By sight alone, Baugh can tell the difference between cedar from different counties. “See how yellow that wood is? That’s from Sutton County,” he said. “This wood, from Kimble County, is a lot denser. Unfortunately, I can’t be picky. We’re down to getting smaller branches that were left behind when the wood was first harvested years ago. We’re kinda like the old buffalo hunters. We were running out of wood back in the sixties. We see a little less every year, but there’s still a lot out there. I’m tickled to death if I can find cedar with ax marks on it. That means it’s really old and was cut a long time ago. Chain saws didn’t come along until the late fifties. Mind you, we’re looking for heartwood, first-growth cedar that has a round top. Second-growth cedar sure can’t be harvested for timber and is of little use to us. Second-growth cedar doesn’t make a tree, it makes a water-hungry shrub. It has a heart like a banker’s.”

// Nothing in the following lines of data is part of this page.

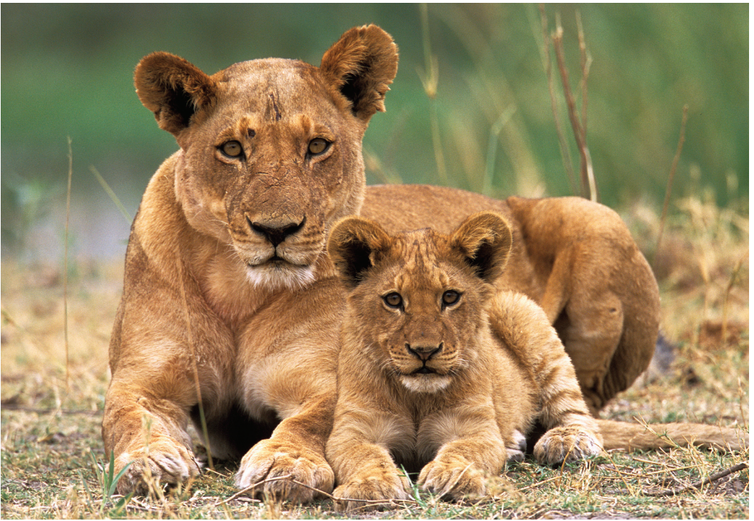
Like mother, like ... Lioness and cub keep watch in the bush.

Day 6: Masai Mara Again today we're "on safari," with morning and afternoon game drives in this preserve that is just slightly larger than the state of Rhode Island. When not out in the bush, we are at leisure to enjoy the amenities of our luxury tented camp, including a swimming pool and spa. B,L,D
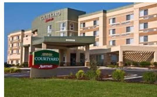
Courtyard by Marriott 3129 Highland Point Drive 270-685-4140
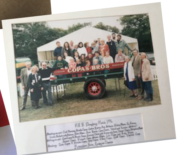
One of a number of pics from the family archive
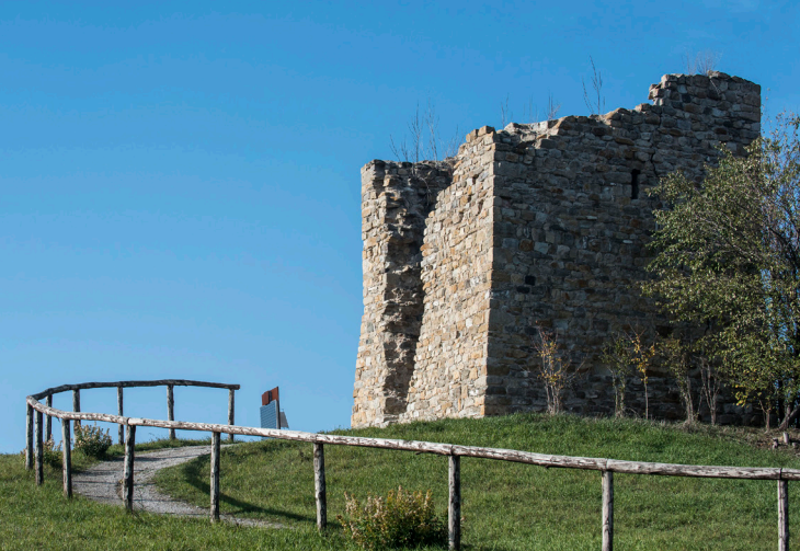
Maranello: the Witches' Tower
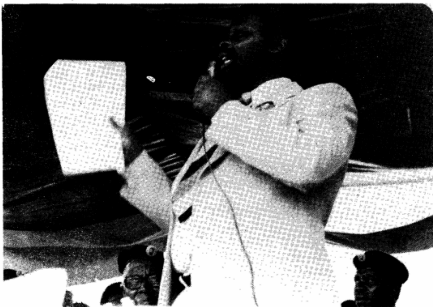
Dr O.D. Dhlomo - Secretary-General of INKATHA

The enforced removals of people by the Pretoria Regime was emphatically condemned by the KwaZulu Minister of Education and Culture, Dr O.D. Dhlomo in the KwaZulu Legislative Assembly.

The chip waste is used for horse and poultry bedding, mulch, as filler for crevices in holes drilled in the oil fields, fuel for the mill’s boilers, and for wood composite at AERT, one of the largest employers in Kimble County. The Texarome plant in Leakey even uses small amounts of fresh cedar leaf from green second-growth and third-growth cedar in response to a small but growing demand from aromatherapists, who desire a fresher, stronger scent.

“We’ll continue to do what we do until we can’t do it,” Don Baugh said. “Our challenge now is to make more oil from less wood for less money.”

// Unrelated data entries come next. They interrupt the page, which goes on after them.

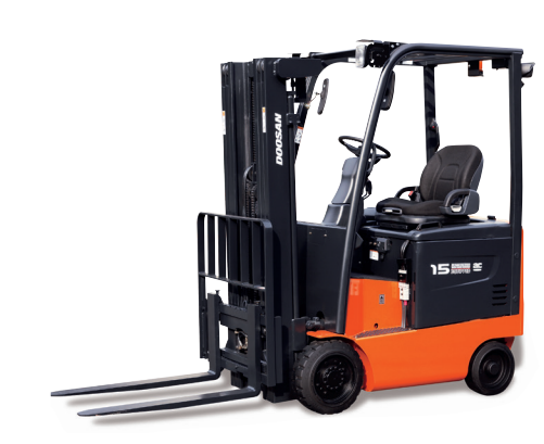
BC15S/BC18S-5, BC20SC-5 3,000/3,500/4,000 lb. Capacity Cushion Tire Electric, 36/48V
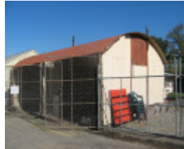
Porter prefabricated iron store_North Fitzroy_March 2010
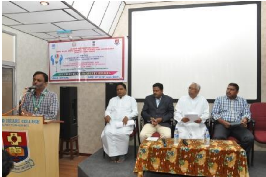
Photo taken during the Inaugural session of the program
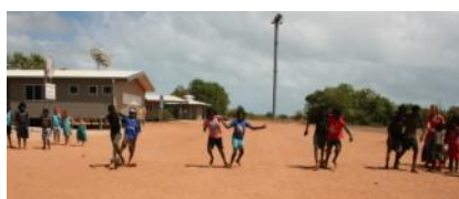
Three Legged Race
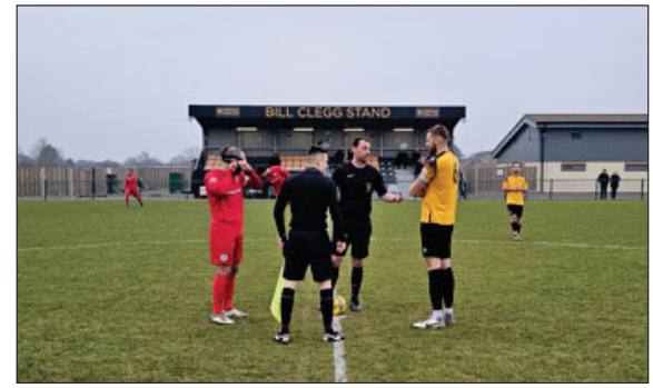
Beaconsfield Town edged Stotfold on Saturday.
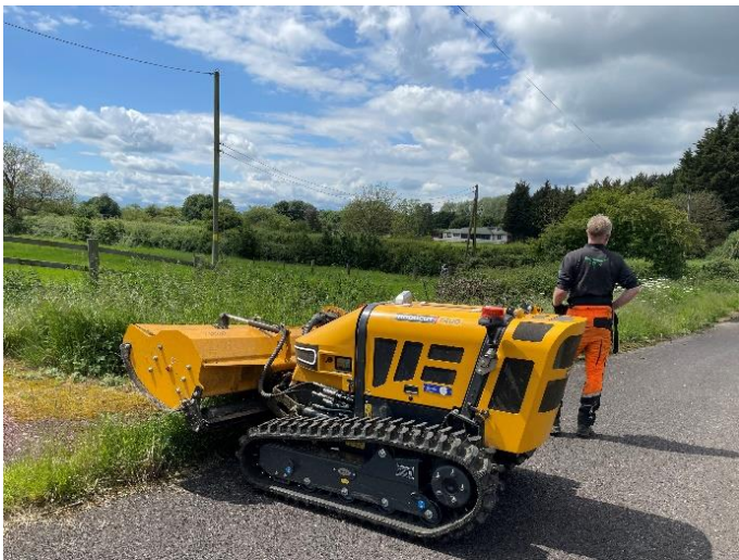
Figure above: Grass cutting via Robot Mower

All grass cuts by machinery and by hand along the River Idle embankments have been completed. Regular grass cuts improve the strength of the root network and erosion resistance of the embankment.
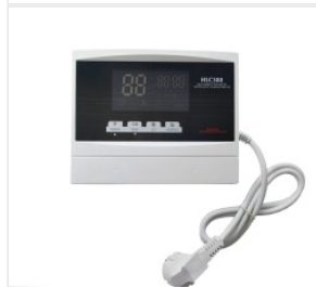
Kontroler HLC-388 175.00 PLN
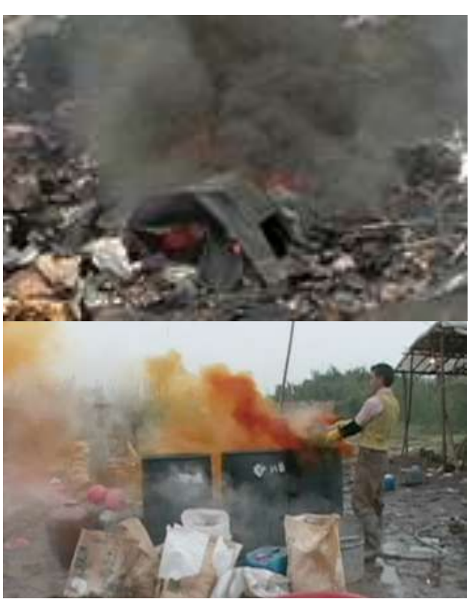
Acid leaching, wet chemical processing, heat treatment for metal recovery
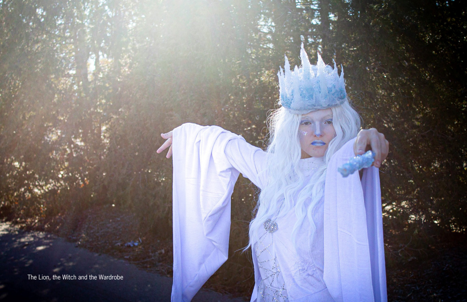
The Lion, the Witch and the Wardrobe
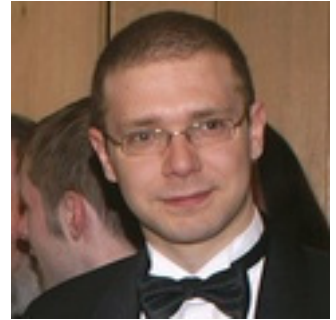
Our dapper chair

Well, we've made it. Michaelmas is now over, and we've survived it with out any fatalities or even a serious maiming. I'll have to try harder next time. I hope everyone's enjoyed the meetings this term. For those of you who couldn't make the meetings since the last issue of PostScript, we've been bouldering at Oxford Brookes, had an African Music workshop, and built a car entirely out of cake in homage to the Skoda advert.
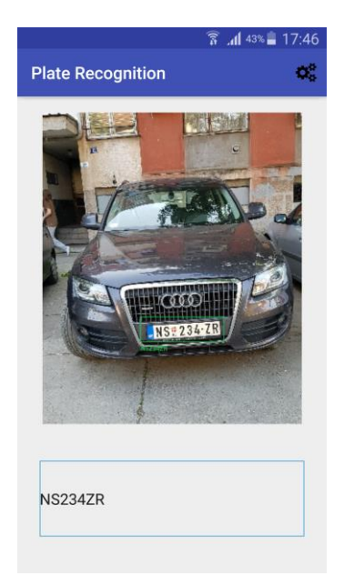
Figure 4. Mobile application

System used for testing the developed OCR component is the implementation of the general system solution mentioned at the beginning of this section. It uses Android mobile device as the client side. Image can be captured or uploaded from the gallery and sent to the server side which holds the OCR component. OCR component process the image through the CNNs which results in the plate's text which is sent as the response back to the Android. Figure 4. represents the client side application for testing the proposed system.
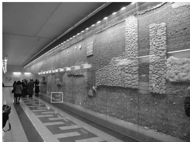
Figure 14 Display at Syntagma station highlighting the different historical eras of Greek civilization. See Figure 15 for an enlargement of the outlined section.

In addition to exhibiting the findings from the excavations, modern artwork by famous Greek artists is on display at 12 stations. Eventually, the art program will be expanded to include all stations. Sculptures, ceramic tiles, silk-screened works, and paintings are located on the platforms, transfer areas, and concourses and outside the stations. A stunning piece of art, Aethrio (Atrium) by George Zongolopoulos, viewed by the team at the Syntagma station, consisted of umbrellas and metal stairs inside a large circular area covered in mirrors (see Figure 16).
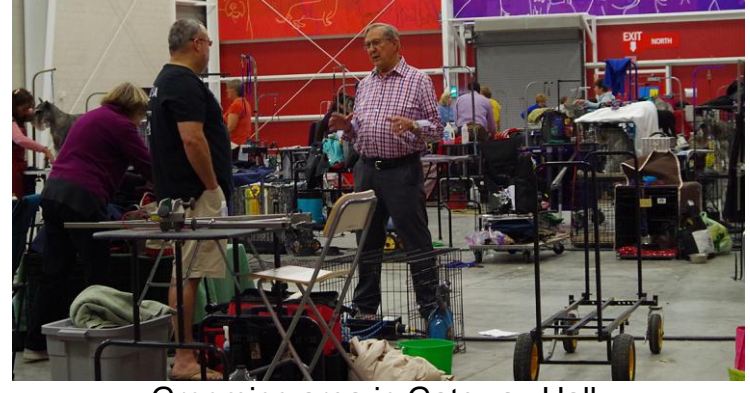
Grooming area in Gateway Hall.
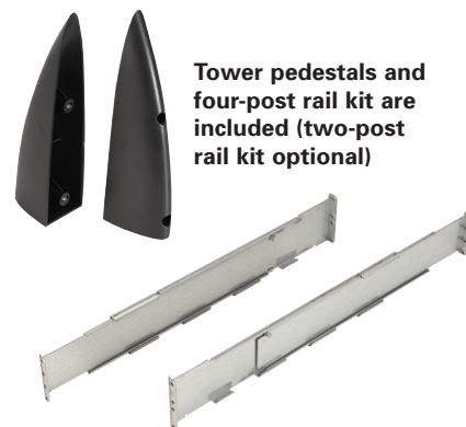
Tower pedestals and four-post rail kit are included (two-post rail kit optional)

“I have one fear,” he confided to me before saying good-bye. “And that’s when I die and go to heaven, God would be a cedar tree.”

I’M NO LONGER HYSTERICAL. I understand cedar much better than I did before. I know that it’s not the all-purpose bogeyweed—a tool for big-government intervention or the cause of the ruination of the cattle industry. I can now see in an elegant old cedar the same grandeur and beauty I see in an old oak. I’m thankful for the presence of cedars on steep, rocky slopes, recognizing the role they play in stabilizing the soil and providing windbreaks. I’m happy that a few people can still make a living off cedar. I’m cheering on the concept of aromatherapy. Maybe some enterprising rancher or modern-day cedar chopper will find more uses for new-growth cedar.

Those people can have mine. Not all of it. Like I said, I’ve learned to respect and even appreciate my foe. And I’m not foolish enough to try to clear the whole lot at once. This battle will be a protracted one, fought literally one step at a time. The teeth on my chain saw have been sharpened. I’ve conducted my own seminars with my sons, showing them how to use lopping shears to earn a little money. I still dream of the way it used to be, when grasses grew as high as a horse’s belly.